Very few first-time directors make a realistic, bawdy film on a romance between criminals set in a village in Uttar Pradesh. That too, one that this director candidly admits deserves an A certification for its risqué scenes and language, not to mention the heavy undercurrent of sexuality between the characters played by Arshad Warsi, Naseeruddin Shah and Vidya Balan.

But then Chaubey is no ordinary first-timer. Meticulously schooled in the Bhardwaj brand of cinema, nothing is more interesting to Chaubey than sitting with Bhardwaj and breathing life into imaginary characters. “Collaborative film writing is a very enjoyable process. Vishal and I have written so many scripts together. Many of those, we have already out-lived. But that kind of work never goes waste. It’s the film school training I never had,” he says.

Their creative involvement really began when Bhardwaj needed an associate director for Makdee and Chaubey, 32, came on board. “He had just started writing the script for Maqbool at the time and showed it to me,” says Chaubey. “I knew I was looking at the first script of its kind.”

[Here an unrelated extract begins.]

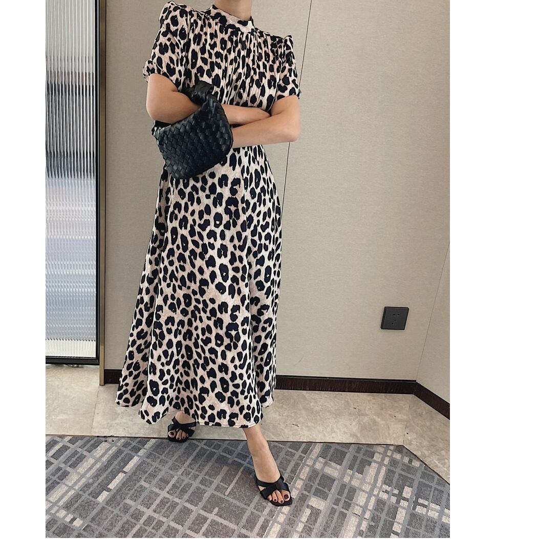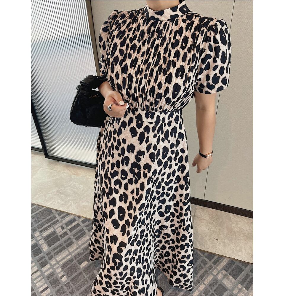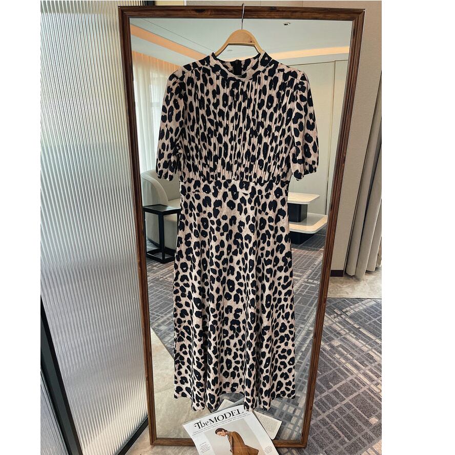 leopard pleated midi dress〈d1537〉

Since then, Chaubey has co-written Omkara and Kaminey with Bhardwaj, while the writing of The Blue Umbrella was entirely his baby. “Vishal asked me to develop Ruskin Bond’s 20-page-story into a 90-minute film. In doing so, he planted the hunger to write in me.”

A common background and ethos is what really makes this alliance click. Both were raised in middle-class families in small-town UP, went to Hindu College in Delhi and share the same film sensibility. It was during Omkara though, that Chaubey told Bhardwaj he wanted to direct a film and Ishqiya (which is ready to release later this year) happened.

While Chaubey is finally living his dream, he says that directing is arduous and nothing like he envisioned. “It’s extraordinarily strenuous physically, mentally and emotionally. You have to deal with constant humiliation. I have already picked up the pieces so many times,” he says a tad morosely.

For someone with Chaubey’s track record and experience, you couldn’t find a more self-effacing guy. He never praises himself, broods endlessly about trivial details and is the first to pick holes in anything he does. He insists he’s not being modest when he says, “I’m not exceptionally gifted like Vishal. He has such grasp on character. This is his rare gift. I don’t know what mine will be.”

Yet, it’s not failure that worries Chaubey. It’s success. “I feel Indians cannot handle success. We get trapped in our own image. Failure, we blame on God, and take all the credit for success.” For him the benefits of success are simple: “It will give me more bargaining power to make the kind of films I want to and not what others want me to make.”